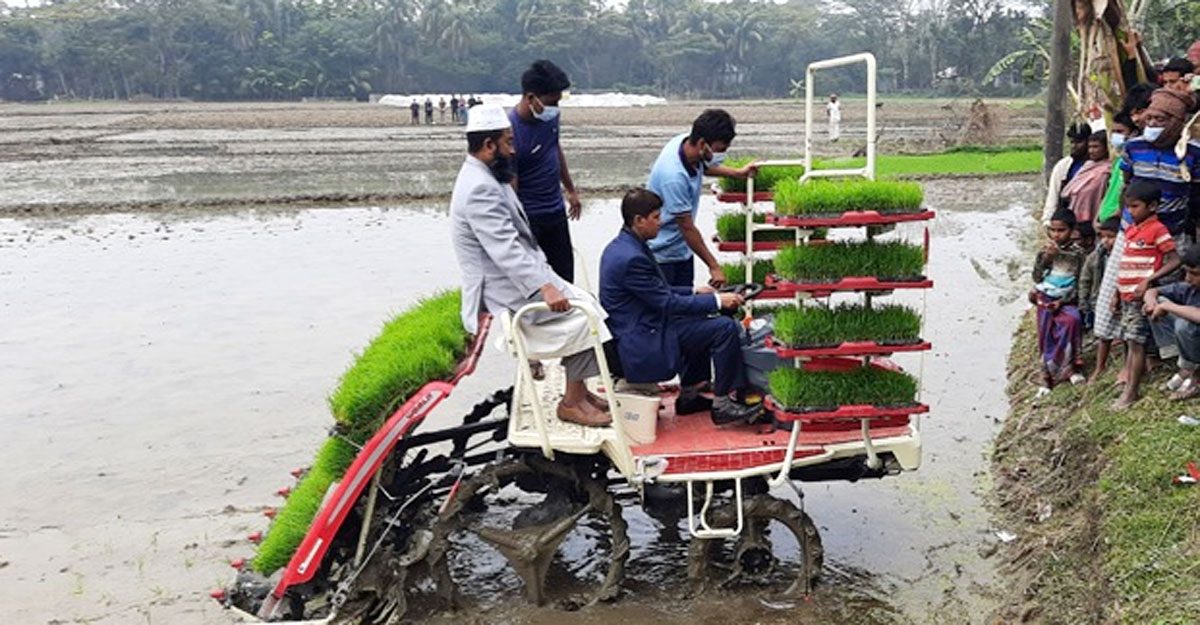 ভোলায় প্রথম ধানের চারা রোপণে রাইস ট্রান্সপ্ল্যান্ট
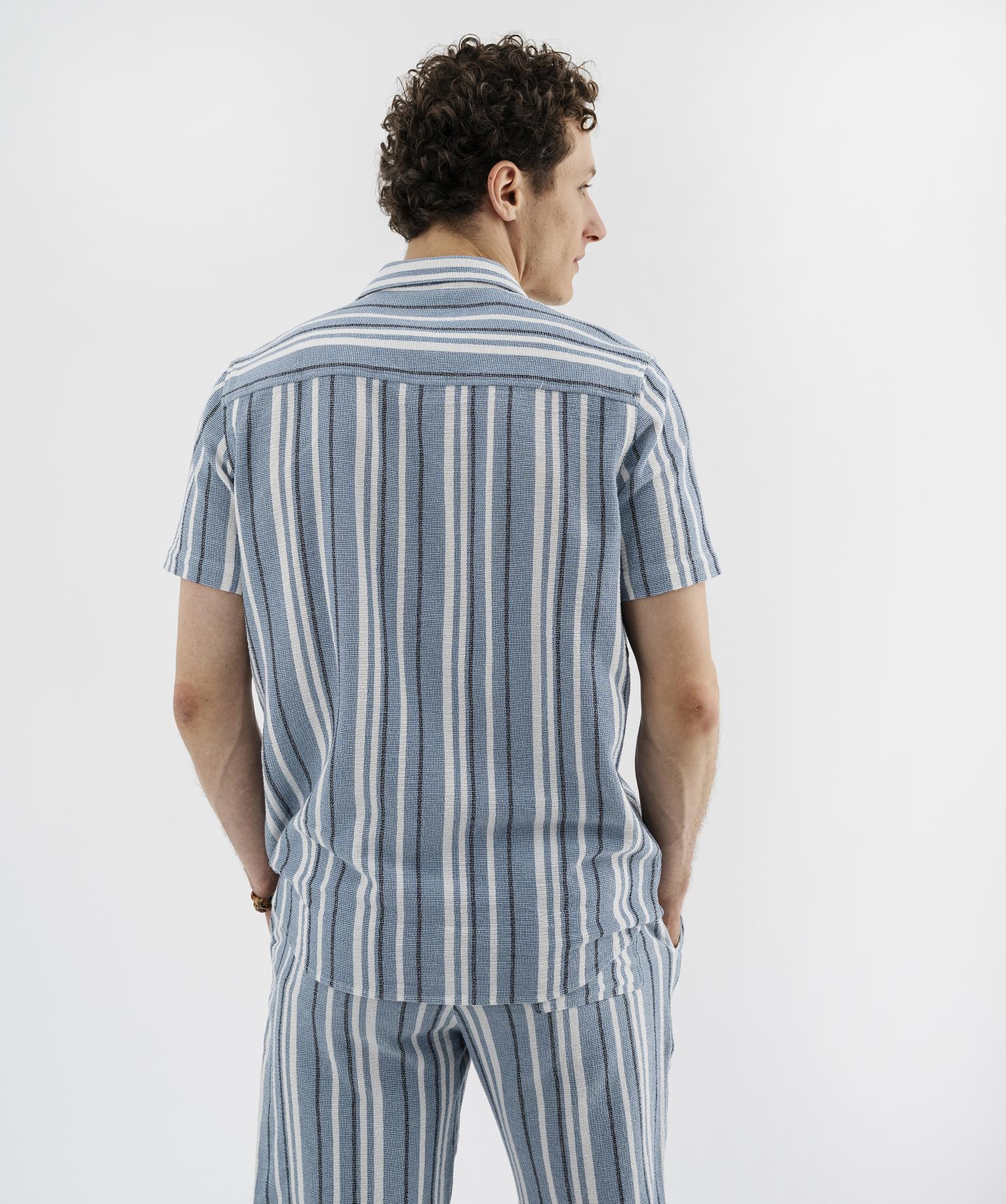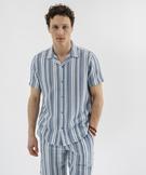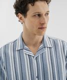 Chemise manches courtes col cubain en textile de coton tissé rayé homme bleu chine
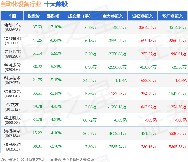个股表现方面,自动化设备行业当日领跌股为伟创电气(688698),该股当日报收87.63,下跌7.1%,成交量6.79万,主力资金净流出49.44万元。信邦智能(301112)以下跌6.84%紧随其后,该股当日成交量6.18万,主力资金净流出3559.29万元。除此之外,景业智能(688290)、常辅股份(920396)、科瑞技术(002957)均进入当日熊股之列。具体个股列表见下表:

┄┄┄┄┄┄

* Problem *
Copy the material exactly as written and leave every picture behind.

* Exercise output *
 ভোলায় প্রথম ধানের চারা রোপণে রাইস ট্রান্সপ্ল্যান্ট
 Chemise manches courtes col cubain en textile de coton tissé rayé homme bleu chine
个股表现方面,自动化设备行业当日领跌股为伟创电气(688698),该股当日报收87.63,下跌7.1%,成交量6.79万,主力资金净流出49.44万元。信邦智能(301112)以下跌6.84%紧随其后,该股当日成交量6.18万,主力资金净流出3559.29万元。除此之外,景业智能(688290)、常辅股份(920396)、科瑞技术(002957)均进入当日熊股之列。具体个股列表见下表:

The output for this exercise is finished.